Set down, word for word, every line of the material below from the one containing "Entrez votre domaine" through the one containing "キッチンボードは家電のサイズ", but none of its pictures.

== RECORDS PROVIDED ==

[Start of Attachment]

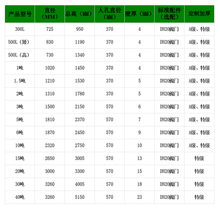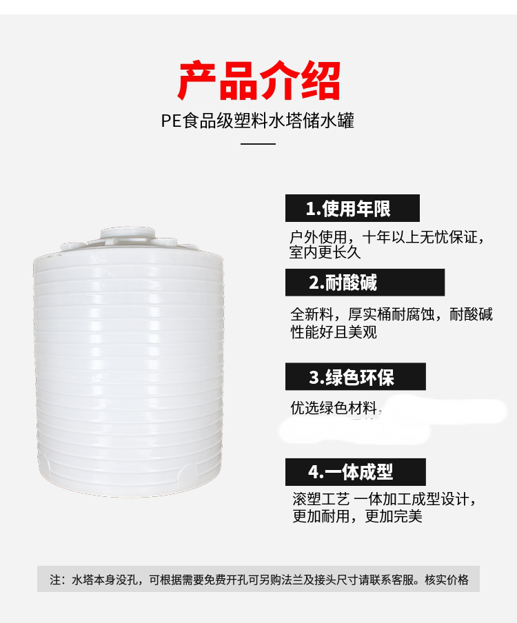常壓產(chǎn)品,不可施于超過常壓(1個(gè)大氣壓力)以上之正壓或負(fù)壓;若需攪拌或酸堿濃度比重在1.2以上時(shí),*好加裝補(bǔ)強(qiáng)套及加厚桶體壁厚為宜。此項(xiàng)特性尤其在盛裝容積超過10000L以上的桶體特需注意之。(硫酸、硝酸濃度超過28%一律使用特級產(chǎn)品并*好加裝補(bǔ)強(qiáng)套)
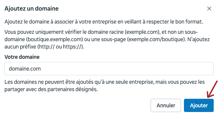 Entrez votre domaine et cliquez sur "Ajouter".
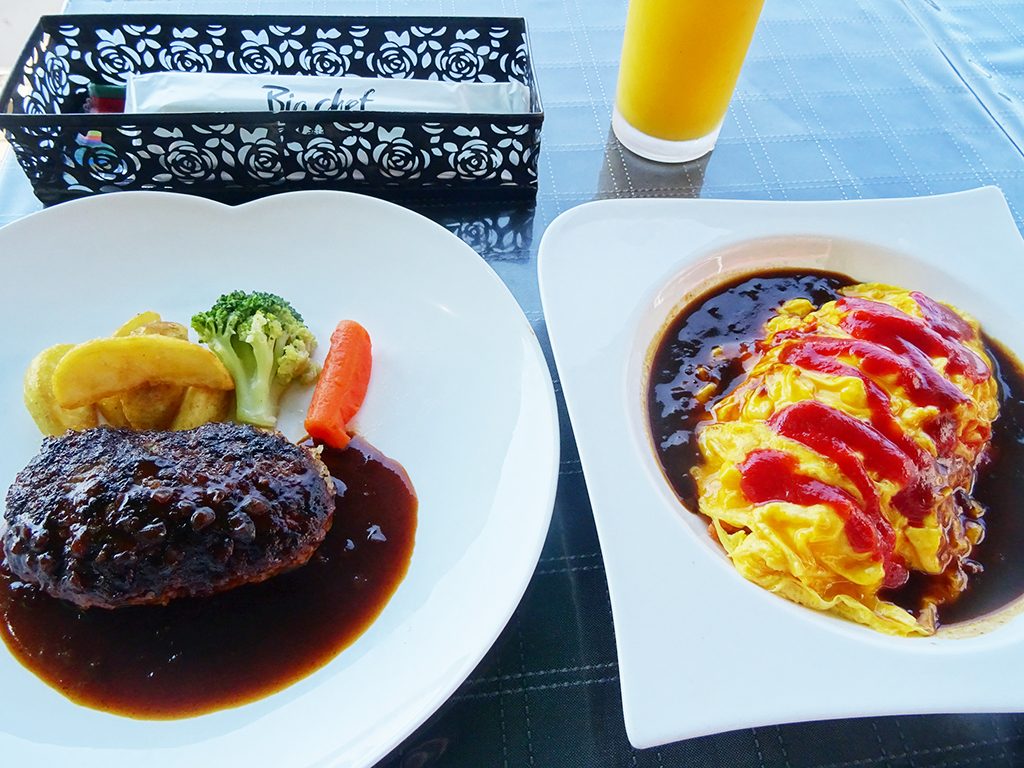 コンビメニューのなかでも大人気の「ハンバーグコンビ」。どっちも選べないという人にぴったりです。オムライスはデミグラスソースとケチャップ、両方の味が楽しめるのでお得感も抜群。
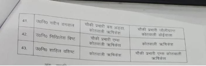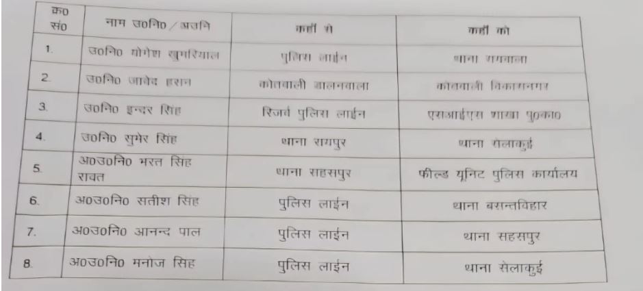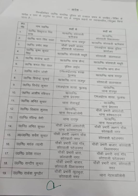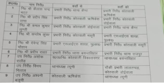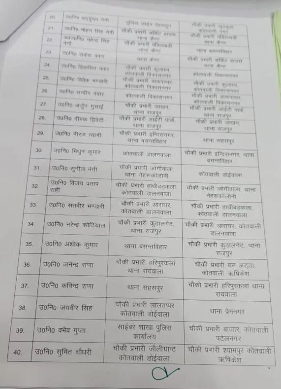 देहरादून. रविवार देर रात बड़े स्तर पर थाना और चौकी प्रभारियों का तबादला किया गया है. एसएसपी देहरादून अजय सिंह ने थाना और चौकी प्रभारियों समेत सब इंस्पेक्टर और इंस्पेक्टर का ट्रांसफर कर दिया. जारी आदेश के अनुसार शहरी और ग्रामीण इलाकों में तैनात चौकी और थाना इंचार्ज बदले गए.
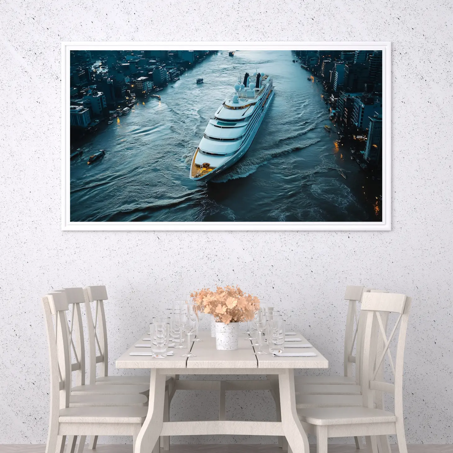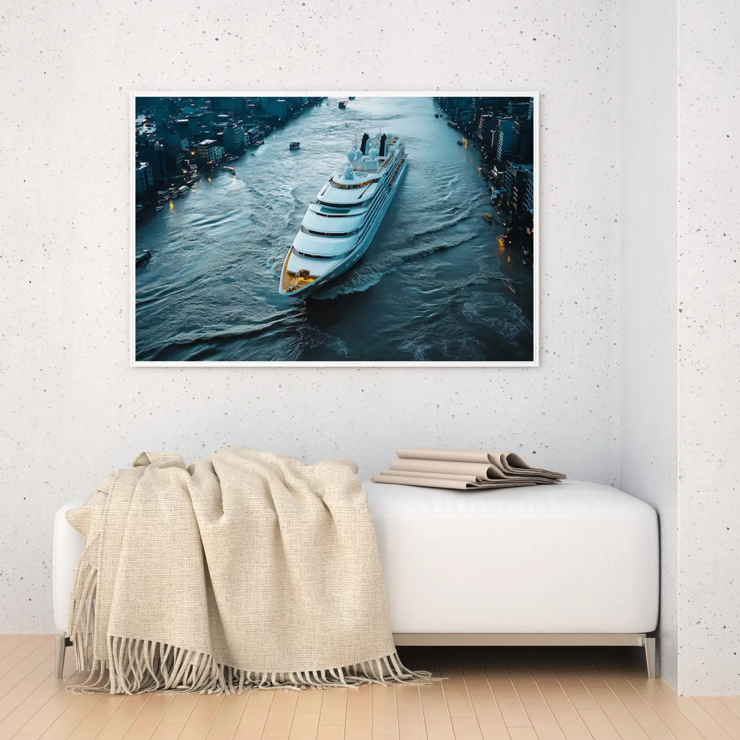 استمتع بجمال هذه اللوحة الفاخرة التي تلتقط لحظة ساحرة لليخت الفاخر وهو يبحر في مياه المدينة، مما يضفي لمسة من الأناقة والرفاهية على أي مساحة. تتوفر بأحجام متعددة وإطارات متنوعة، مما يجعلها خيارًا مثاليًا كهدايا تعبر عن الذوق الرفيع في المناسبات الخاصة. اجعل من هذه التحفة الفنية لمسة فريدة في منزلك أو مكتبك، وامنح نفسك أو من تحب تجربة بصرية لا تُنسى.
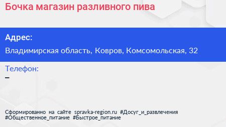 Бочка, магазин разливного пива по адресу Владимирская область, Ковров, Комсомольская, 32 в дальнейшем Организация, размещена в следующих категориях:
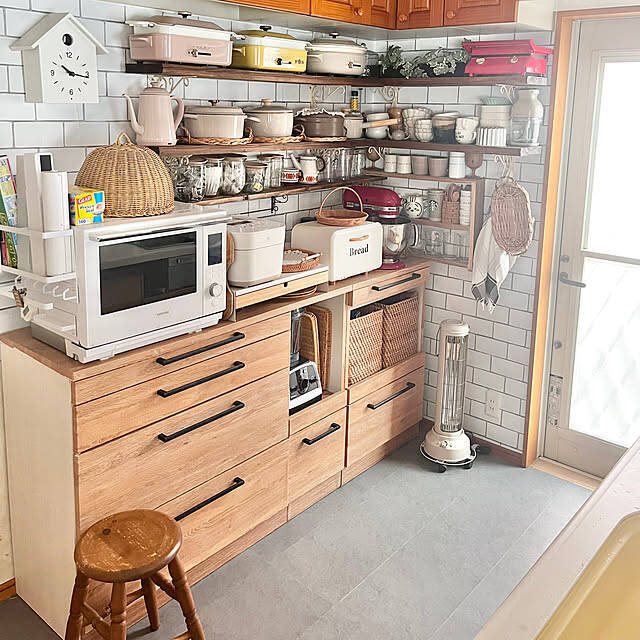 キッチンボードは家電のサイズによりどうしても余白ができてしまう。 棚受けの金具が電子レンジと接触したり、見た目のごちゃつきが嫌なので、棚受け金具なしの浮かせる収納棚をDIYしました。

[End of Attachment]
[Start of Attachment]

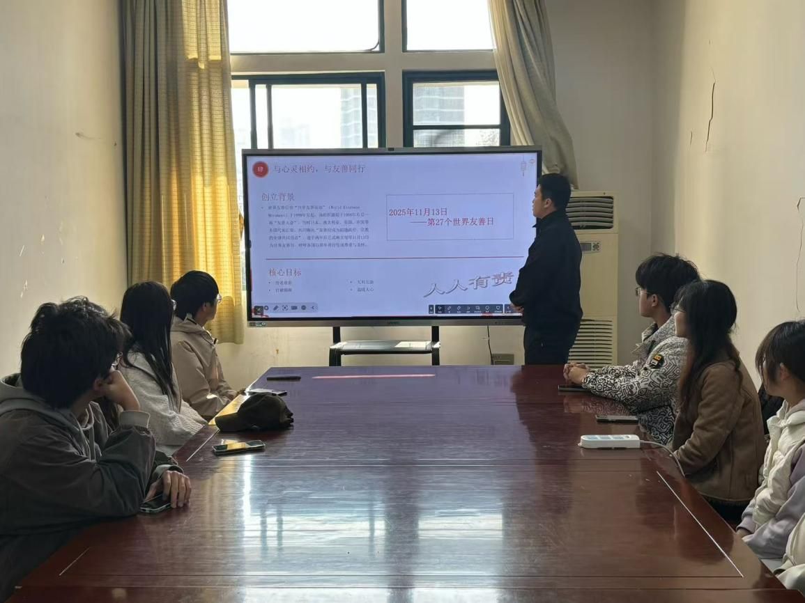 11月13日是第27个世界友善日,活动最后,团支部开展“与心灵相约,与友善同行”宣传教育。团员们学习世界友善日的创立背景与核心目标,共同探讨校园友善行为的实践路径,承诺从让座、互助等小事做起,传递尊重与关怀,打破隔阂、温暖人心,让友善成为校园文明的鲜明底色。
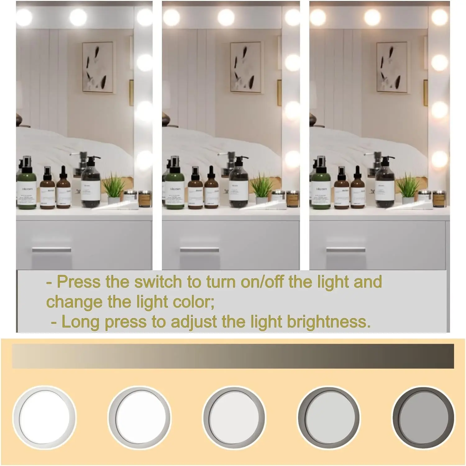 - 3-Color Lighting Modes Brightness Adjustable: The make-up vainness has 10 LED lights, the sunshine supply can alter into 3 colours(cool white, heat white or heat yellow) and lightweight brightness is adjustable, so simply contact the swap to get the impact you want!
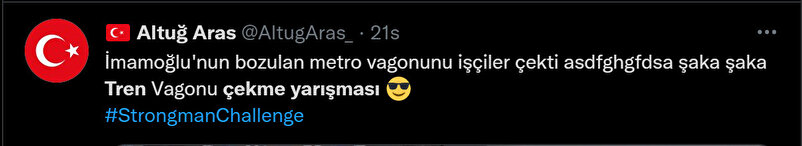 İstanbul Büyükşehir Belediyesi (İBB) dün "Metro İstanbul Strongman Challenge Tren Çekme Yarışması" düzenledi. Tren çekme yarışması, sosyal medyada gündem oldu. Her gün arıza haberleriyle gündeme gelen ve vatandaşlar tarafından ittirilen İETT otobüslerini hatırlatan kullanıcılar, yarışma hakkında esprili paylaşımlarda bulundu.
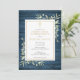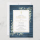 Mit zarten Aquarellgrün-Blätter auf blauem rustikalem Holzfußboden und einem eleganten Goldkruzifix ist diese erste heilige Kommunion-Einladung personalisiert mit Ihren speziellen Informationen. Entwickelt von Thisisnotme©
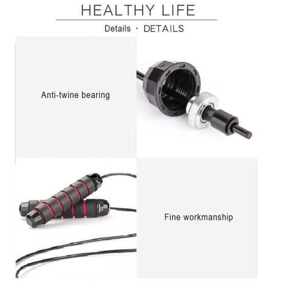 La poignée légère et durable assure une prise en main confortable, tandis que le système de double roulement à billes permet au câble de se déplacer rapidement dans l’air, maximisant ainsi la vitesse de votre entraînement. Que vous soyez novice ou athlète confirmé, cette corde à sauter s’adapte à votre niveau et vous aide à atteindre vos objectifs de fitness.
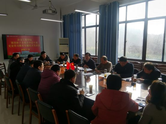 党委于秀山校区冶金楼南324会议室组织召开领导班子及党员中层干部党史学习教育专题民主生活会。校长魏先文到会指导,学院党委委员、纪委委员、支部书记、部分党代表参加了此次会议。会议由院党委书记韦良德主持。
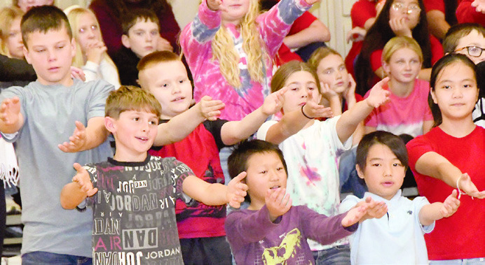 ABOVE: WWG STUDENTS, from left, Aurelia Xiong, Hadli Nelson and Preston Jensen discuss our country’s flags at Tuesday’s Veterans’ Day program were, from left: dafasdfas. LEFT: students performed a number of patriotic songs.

[End of Attachment]
[Start of Attachment]

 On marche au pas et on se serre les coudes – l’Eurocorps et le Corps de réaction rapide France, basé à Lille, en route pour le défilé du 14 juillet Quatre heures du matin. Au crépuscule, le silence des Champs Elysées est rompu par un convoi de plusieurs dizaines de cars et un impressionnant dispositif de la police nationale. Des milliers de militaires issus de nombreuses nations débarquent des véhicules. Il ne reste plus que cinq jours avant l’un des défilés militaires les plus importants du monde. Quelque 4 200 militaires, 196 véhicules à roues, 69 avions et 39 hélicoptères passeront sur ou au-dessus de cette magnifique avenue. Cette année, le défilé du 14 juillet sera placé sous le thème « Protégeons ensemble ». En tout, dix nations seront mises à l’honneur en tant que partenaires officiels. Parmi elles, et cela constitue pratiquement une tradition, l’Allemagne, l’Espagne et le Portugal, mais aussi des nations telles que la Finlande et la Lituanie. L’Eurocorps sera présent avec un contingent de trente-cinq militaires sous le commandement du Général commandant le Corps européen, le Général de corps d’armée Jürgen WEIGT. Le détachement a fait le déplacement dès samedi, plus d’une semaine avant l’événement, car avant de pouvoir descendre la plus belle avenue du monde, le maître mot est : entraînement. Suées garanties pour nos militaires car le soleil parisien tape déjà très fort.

[End of Attachment]

== SOLUTION TO THIS TASK ==
 Entrez votre domaine et cliquez sur "Ajouter".
 コンビメニューのなかでも大人気の「ハンバーグコンビ」。どっちも選べないという人にぴったりです。オムライスはデミグラスソースとケチャップ、両方の味が楽しめるのでお得感も抜群。
 देहरादून. रविवार देर रात बड़े स्तर पर थाना और चौकी प्रभारियों का तबादला किया गया है. एसएसपी देहरादून अजय सिंह ने थाना और चौकी प्रभारियों समेत सब इंस्पेक्टर और इंस्पेक्टर का ट्रांसफर कर दिया. जारी आदेश के अनुसार शहरी और ग्रामीण इलाकों में तैनात चौकी और थाना इंचार्ज बदले गए.
 استمتع بجمال هذه اللوحة الفاخرة التي تلتقط لحظة ساحرة لليخت الفاخر وهو يبحر في مياه المدينة، مما يضفي لمسة من الأناقة والرفاهية على أي مساحة. تتوفر بأحجام متعددة وإطارات متنوعة، مما يجعلها خيارًا مثاليًا كهدايا تعبر عن الذوق الرفيع في المناسبات الخاصة. اجعل من هذه التحفة الفنية لمسة فريدة في منزلك أو مكتبك، وامنح نفسك أو من تحب تجربة بصرية لا تُنسى.
 Бочка, магазин разливного пива по адресу Владимирская область, Ковров, Комсомольская, 32 в дальнейшем Организация, размещена в следующих категориях:
 キッチンボードは家電のサイズによりどうしても余白ができてしまう。 棚受けの金具が電子レンジと接触したり、見た目のごちゃつきが嫌なので、棚受け金具なしの浮かせる収納棚をDIYしました。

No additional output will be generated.